The director and star of ‘Hatchet: Old School America Horror’ (Adam Green and Joel David Moore) have brought another thriller, albeit different, to the screen. Mason, (Joel David Moore) is your everyday insurance salesman drone living in corporate blandness. Mason is quiet, reserved and a painter. Mason’s only way of communicating with the outside world is to express himself in his art. What makes this different from your standard art house/ Sundance snore fest is that Mason may or may not be imagining the women he is using as models.
The film opens with a sequence that may or may not be a dream. Which is fitting for this Hitchcockian type tale about lust, art and the places an unstable mind can go. Mason has a vision of a girlfriend/ lover dying at his own hands. Immediately after Mason’s “waking dream” he calls his only friend in the world Berkeley (Zachary Levi of NBC’s “Chuck”). Berkeley is an unusual friend for Mason because he is the opposite of Mason. He is cool, laid back, successful and it also happens that he is Mason’s boss.
At work we see Mason’s dull corporate world and the only color in that world is the red on Mason’s hands. Yet, is it red paint or blood? Throughout the beginning of the film Joel David Moore creates a character that is both disturbing and sad. Reaching out for Mason is easy in the context of the story. That is, until we see Mason getting rid of what appears to be a body. Then suddenly he awakens as if he is having a nightmare. Both the confines of reality and Mason’s sanity are being tested in ‘Spiral’.
Mason then meets a woman who works in his building. Amber (Amber Tamblyn of "Joan of Arcadia" fame) is fun, outgoing and spunky. In short, all that Mason is not. Amber somehow cracks the protective bubble Mason has around himself and the two begin to see each other romantically. Mason starts painting Amber’s portrait. He sketches her on his lunch break and paints her at night. At this point it becomes more like a date movie. These two strange ducks compliment each other but Mason has these occasional flashes (visions/ memories) that lead us to believe he may not be so nice and quiet after all.
Amber Tamblyn is the perfect girlfriend in ‘Spiral’. She is a little too perfect at times, which works for the film. Constantly we begin to wonder if she is actually real. Did Mason really kill that first girl? Does he imagine these girls as Berkeley accuses him of doing? After Amber finds a several sketch books all with different girls in identical poses she begins to question Mason’s sincerity.
In all honesty the film played as if it was typical love story. Adam Green and Joel David Moore (co-directors) really shape the story allowing you to lower your defenses towards Mason but still take the side of Amber. Even though this is Mason’s story Amber is clearly the one at risk.

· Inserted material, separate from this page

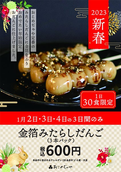 - 1月2日~4日の3日間・1日30食限定!豪華な金箔みたらしだんご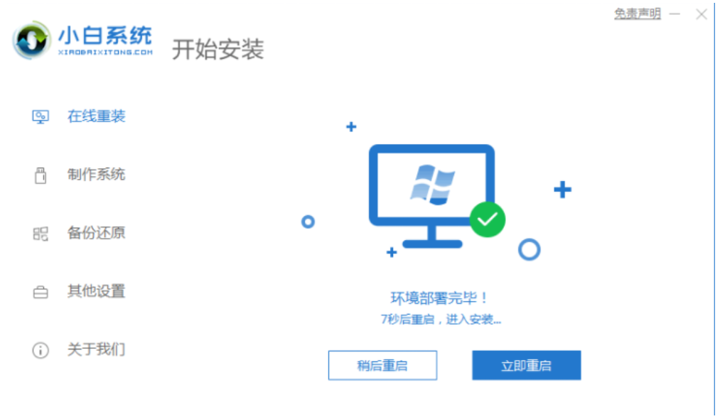 3.安装前,点电脑部署环境,部署环境完成后,我们将直接重新启动电脑。

By the end there are so many questions and twists that when all the puzzle pieces fall into place you will be left with your jaw wide open. What Green and Moore did (intentional or not) is hit the viewer with some M. Night Shyamalan flashbacks and really uses it to spin the story. When the entire truth behind ‘Spiral’ is revealed it is done with such a simple moment that it screams: Hitchcock.